Dyspedic Mouse Skeletal Muscle Expresses Major Elements of the Triadic Junction but Lacks Detectable Ryanodine Receptor Protein and Function

doi:10.1074/jbc.272.11.7360

Dyspedic Mouse Skeletal Muscle Expresses Major Elements of the Triadic Junction but Lacks Detectable Ryanodine Receptor Protein and Function*

From the ^‡ Department of Molecular Biosciences, School of Veterinary Medicine, University of California, Davis, California 95616 the
^§Department of Cardiology, Children's Hospital, Boston, Massachusetts 02115, and
** Department of Anesthesia, Brigham and Women's Hospital, Boston, Massachusetts 02115

^∥ To whom correspondence should be addressed. Tel.: 916-752-6696; Fax: 916-752-4698.

Abstract

The ry1⁵³ dyspedic mouse contains two disrupted alleles for ryanodine receptor type 1 (skeletal isoform of ryanodine receptor; Ry₁R) resulting in perinatal death. In the present study, whole skeletal muscle homogenates and sucrose gradient-purified junctional sarcoplasmic reticulum from neonatal wild-type and dyspedic mice were assayed for biochemical and functional markers. Equilibrium binding experiments performed with 1-120 nM [³H]ryanodine reveal saturable high and low affinity binding to membrane preparations from wild-type mice, but not to preparations from dyspedic mice. Binding experiments performed with [³H]PN200 show a 2-fold reduction in [³H]PN200 binding capacity in dyspedic muscle, compared to age-matched wild-type muscle, with no change in receptor affinity. The presence or absence of proteins known to be critical for normal ryanodine receptor/Ca²⁺ channel complex function was assessed by Western blot analysis. Results indicate that FKBP-12, DHPRα1, triadin, calsequestrin, SERCA1 (sarco(endo)plasmic reticulum Ca²⁺ ATPase), and skeletal muscle myosin heavy chain are present in both dyspedic and wild-type muscle. Only wild-type membranes showed immunoreactivity toward Ry₁R antibody. Neither dyspedic nor wild-type mouse muscle showed detectable immunoreactivity toward Ry₂R or Ry₃R antibodies, even after sucrose gradient purification of sarcoplasmic reticulum.
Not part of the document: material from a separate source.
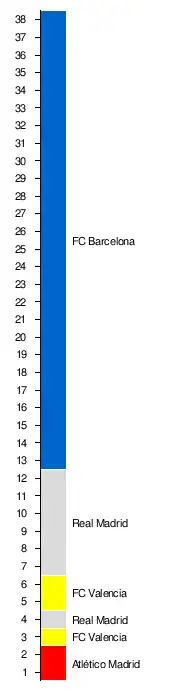- Als Titelverteidiger ging der 20-fache Meister FC Barcelona ins Rennen. Letztjähriger Vizemeister war Real Madrid.

These results indicate that proteins critical for ryanodine receptor function are expressed in dyspedic skeletal muscle in the absence of Ry₁R. Ca²⁺ transport measurements show that membranes from wild-type controls, but not dyspedic mice, release Ca²⁺ upon exposure to ryanodine. Dyspedic mice and cells derived from them serve as excellent homologous expression systems in which to study how Ry₁R structure relates to function.

Footnotes

↵^¶ Supported by the Boston Heart Foundation.
↵* This work was supported in part by grants from the Muscular Dystrophy Association and the Brigham and Women's Hospital Anesthesia Foundation (to P. D. A.), the American Heart Association, California Affiliate (to I. N. P. and E. D. B.), and United States Public Health Service Grants 1RO1-AR43140 (to P. D. A. and I. N. P.) and 1RO1-E505002 (to I. N. P.). The costs of publication of this article were defrayed in part by the payment of page charges. The article must therefore be hereby marked “advertisement” in accordance with 18 U.S.C. Section 1734 solely to indicate this fact.
↵¹ The abbreviations used are:

Ry₁R

ryanodine receptor, skeletal isoform

Ry₂R

ryanodine receptor, cardiac isoform

Ry₃R

ryanodine receptor, brain isoform

DHP

dihydropyridine

DHPR

dihydropyridine receptor

E-C

excitation-contraction

ECL

enhanced chemiluminescence

PVDF

polyvinylidene difluoride

PCR

polymerase chain reaction

PAGE

polyacrylamide gel electrophoresis

SR

sarcoplasmic reticulum

t-tubule

transverse tubule

MOPS

4-morpholinepropanesulfonic acid.
↵² H. T. Nguyen, E. D. Buck, S. Mukherjee, S. Schieferl, P. C. Dolber, J. R. Sommer, I. N. Pessah, and P. D. Allen, submitted for publication.
↵³ C. Franzini-Armstrong, personal communication.
- Received July 23, 1996.
- Revision received November 18, 1996.